初代。荒木系祖。寛永14(1637)年生れ。父は大阪道化方の祖といわれる斎藤与五郎(ふんとく与五郎)という。花車方(かしゃがた老女役)で名作者の福井弥五左衛門に師事し、寛文4(1664)年に「非人敵討(ひにんかたきうち)」を演じて名声を得た。初代嵐三右衛門・藤田小平次とともに、延宝期の上方劇壇の重鎮となった。大阪堀江芝居の座元を勤め、立役としては武道・実事(じつごと)の妙手であった。元禄13(1700)年12月没。64歳。

嵐門三郎

初代嵐三右衛門の子。初名勘太郎。延宝末から女方として舞台に立ったが、天和にはいると父三右衛門が座元である道頓堀嵐座の若衆方となった。元禄3年11月、父の死とともに二代目三右衛門となり、立役と座元を兼ねた。元禄14(1701)年11月7日没。41歳。

市川かをる

貞享3(1686)年、京都大和大路芝居に若女方として登場。京都万太夫座の若女方として評判の美貌で売り出した色若衆。生没未詳。

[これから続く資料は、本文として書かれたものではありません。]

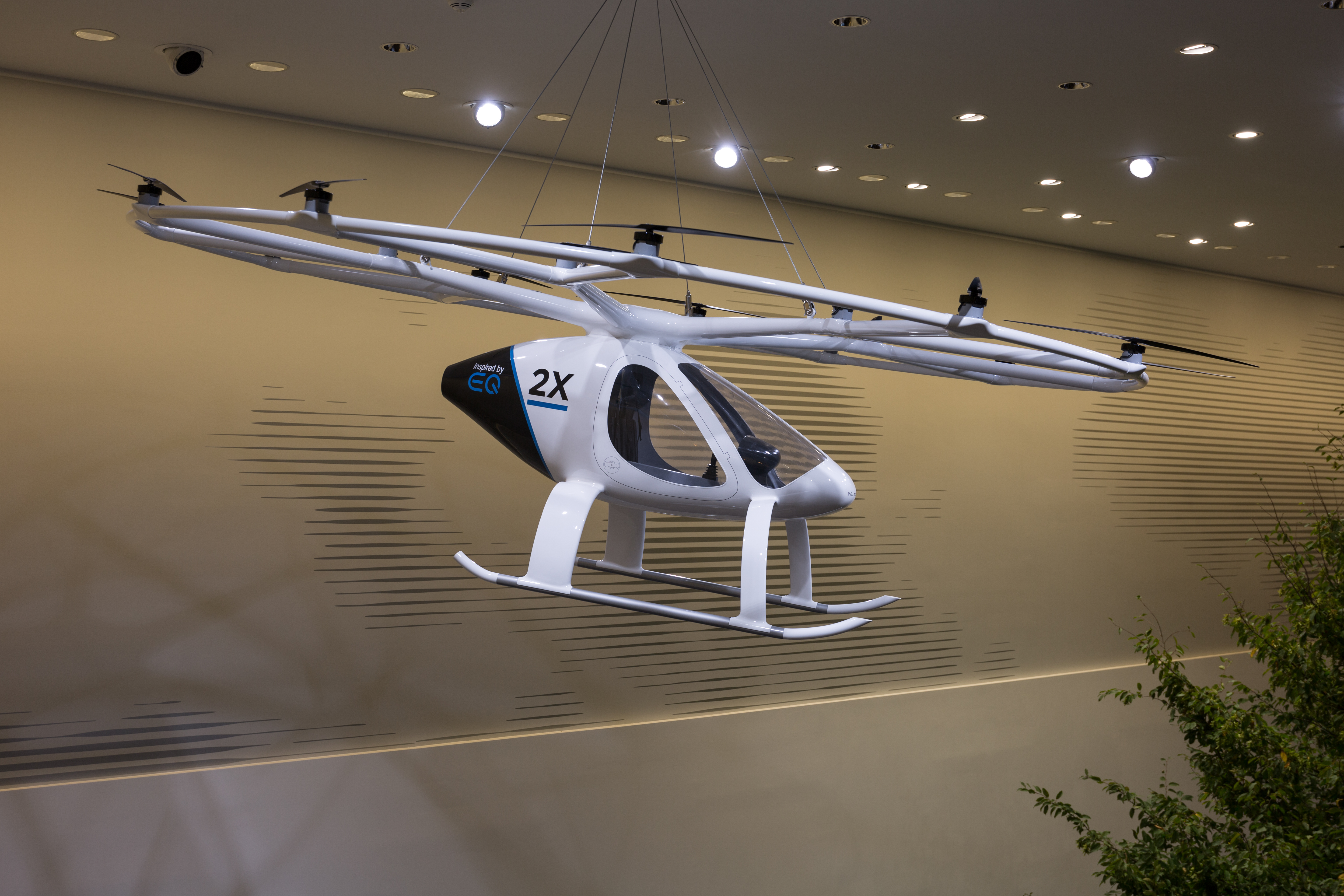 Volocopter X2 scale model
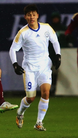 Bauyrzhan Islamkhan

「女がたの美しきは下におかれぬ物、此君の美しさ、漠の李夫人そとをり姫も袖をおおふてにげたまふべし」(野郎立役舞台大鏡)
「前廉京にふと出られしより、いちはやく太夫となりて日々に繁昌し給ふ事、もとあいきやうよき生れつきゆへ成べし」(野郎関相撲)

伊藤小太夫

二代目。万治年間に二代目を襲名した京都の女方で、小大夫鹿子の創始者。寛文元(1661)年、上方から江戸に下り、古日向大夫座に属した。寛文末年にはまた上方に帰り、当時の名女方の上村吉弥(大吉弥)と並称され、お山小太夫と呼ばれた。濡・愁嘆をよくし、傾城役を得意とした。延宝6年春、京都北側芝居で、「吉野身受」の吉野太夫を演じ、半年余りの大入りをとった。元禄初年没という。

岩井歌之介

承応以前の若衆歌舞伎時代の女方。塩屋九郎右衛門座で美貌をもって鳴る。生没未詳。

上村吉弥(大吉弥)

初代。寛文・延宝期(1661〜81)を盛時とする上方の名女方。俗に大吉弥といい、吉弥結び(女帯)の創始者。もと大阪の道化方斎藤与五郎の抱えで、京都四条中の島芝居で売り出した。延宝8年刊の『役者八景』に女方として記載、天性の美貌で、舞所作に優れていた。天和元(1681)役者をやめて上文字屋吉左衛門と名を改め京都四条通りで白粉屋を開業した。享保9(1724)年6月没。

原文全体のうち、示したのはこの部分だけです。